Никакая другая организация, кроме армии, не охватывала в прошлом человека с такой суровой принудительностью, как государственная организация рабочего класса в тягчайшую переходную эпоху. Именно поэтому мы и говорим о милитаризации труда. Судьба меньшевиков — плестись в хвосте событий и признавать те части революционной программы, которые уже успели утратить практическое значение. Меньшевизм ныне — хоть и с оговорками — не оспаривает законности расправы с белогвардейцами и с дезертирами из Красной Армии, — он это вынужден признать после своих собственных печальных опытов с "демократией". Он как будто понял — задним числом, — что лицом к лицу с контрреволюционными бандами нельзя отделываться фразами о том, что при социализме красного террора не понадобится. Но в области хозяйства меньшевики все еще пытаются отослать нас к нашим сыновьям и особенно внукам. Однако же хозяйство нам приходится строить сейчас, не медля, в обстановке тяжелого наследия буржуазного общества и еще незавершенной гражданской войны.
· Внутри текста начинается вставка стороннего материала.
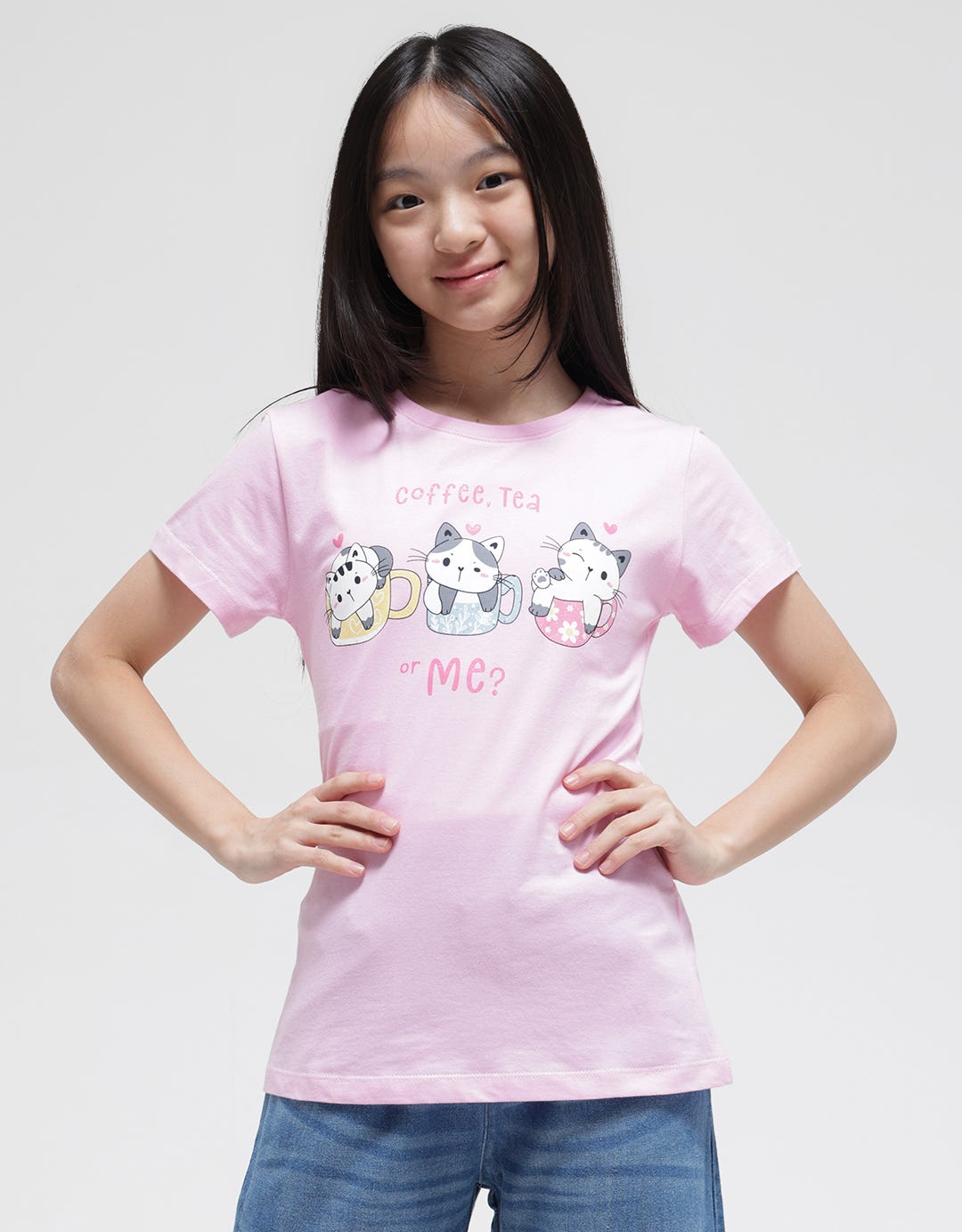 Aero Short Sleeve T-Shirt Print Cat Cup Tea

Меньшевизм, как и все вообще каутскианство, утопает в демократических банальностях и социалистических отвлеченностях. Снова и снова обнаруживается, что для него не существует задач переходного периода, т. е. пролетарской революции. Отсюда безжизненность его критики, его указаний, планов и рецептов. Дело не в том, что будет через 20-30 лет, — тогда, разумеется, будет гораздо лучше, — а в том, как сегодня выбиться из разрухи, как сейчас распределить рабочую силу, как сегодня повысить производительность труда, как, в частности, поступить с теми четырьмя тысячами квалифицированных рабочих, которых мы извлекли на Урале из армии. Отпустить их на все четыре стороны: "ищите, где лучше, товарищи"? Нет, мы так не могли поступить. Мы посадили их в воинские эшелоны и отправили по фабрикам и заводам.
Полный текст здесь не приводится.